Üstünde duran, bir zamanlar bir bütün halinde durarak kendisini yükseltmiş olan taş parçalarının bir araya gelip dağılmalarını, bir şekli bin bir yoldan, tekrar tekrar oluşturmalarını izliyordu.
Dokunmasa olmayacaktı, kendisini, taş’larla üst üste yan yana çapraz ya da daha bir çok –gizini kendisinden çıkardığı- biçimde durarak, onların hem o eki parçalanmaz, hareketsiz kara bir taş, hem de şimdi dağılmış ve sürekli yer değiştiren taş’lar olmaları ile bilmeye karar verdi.

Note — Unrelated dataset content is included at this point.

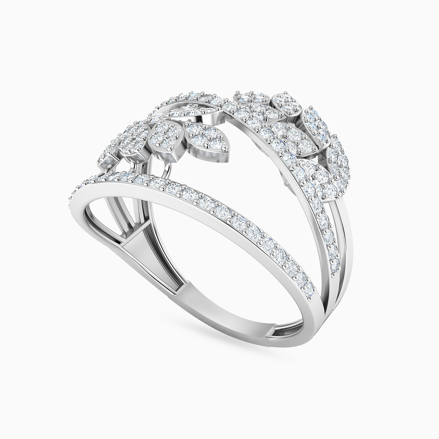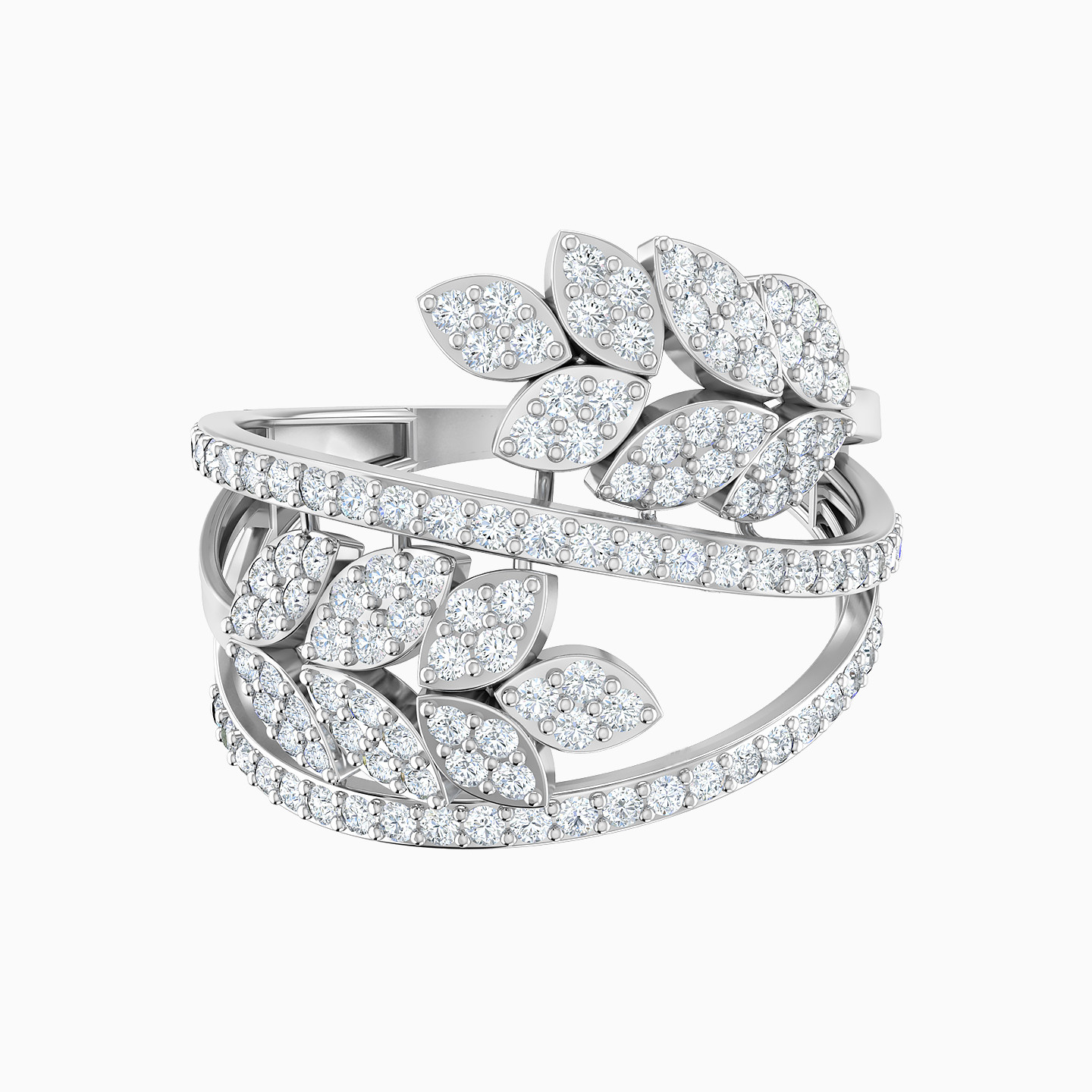Inspired by the beauty and mystery of nature comes this glamorous statement ring by L'azurde Gold. Crafted from 18-karat white gold, it boasts a layered design featuring two swirling rows paved with sparkling cubic zirconia, creating a dazzling and dynamic effect. Nestled in between and on top of these rows are meticulously crafted cubic zirconia-studded leaves, adding a touch of nature’s grace and elegance to this extraordinary piece. Wear this ring when you want to make a bold and glamorous statement wherever you go.
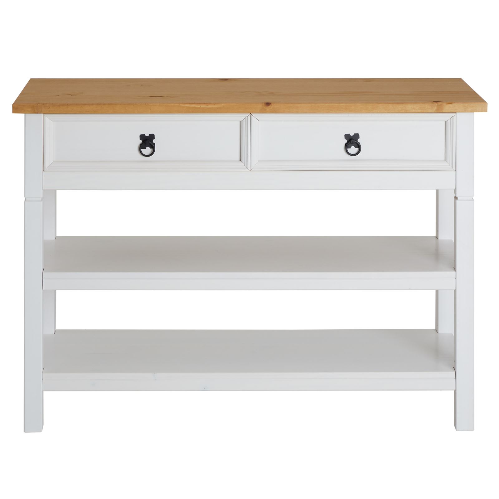 | Libellé | Table console TEQUILA table d'appoint style mexicain avec 1 grand tiroir et 2 étagères, en pin massif lasuré blanc et brun |

Artık kendini hep bölüntülü/ savruk/ yolda bilecek taş’lar/ ve durağan/ kara olmuşluklarıyla.
* * *
6.1.7 Bizi görecek, bilecek, bekleyecek bir yazı kalmadı. Kendimizi aldık, kaldırdık; bunca yerden aşırdık, uçtuğumuz sadece kendimize oldu.
Uslu uslu sustuk, bir yazıya doğru tek kanat: ‘Öykümüzü bir tek o anlatsın’ sandık. Oysa hep uçmaya havalanmışız, varmamaya yoldaymışız , şimdi bildik.
Biz kocaman kara bir taşmışız _anlattık.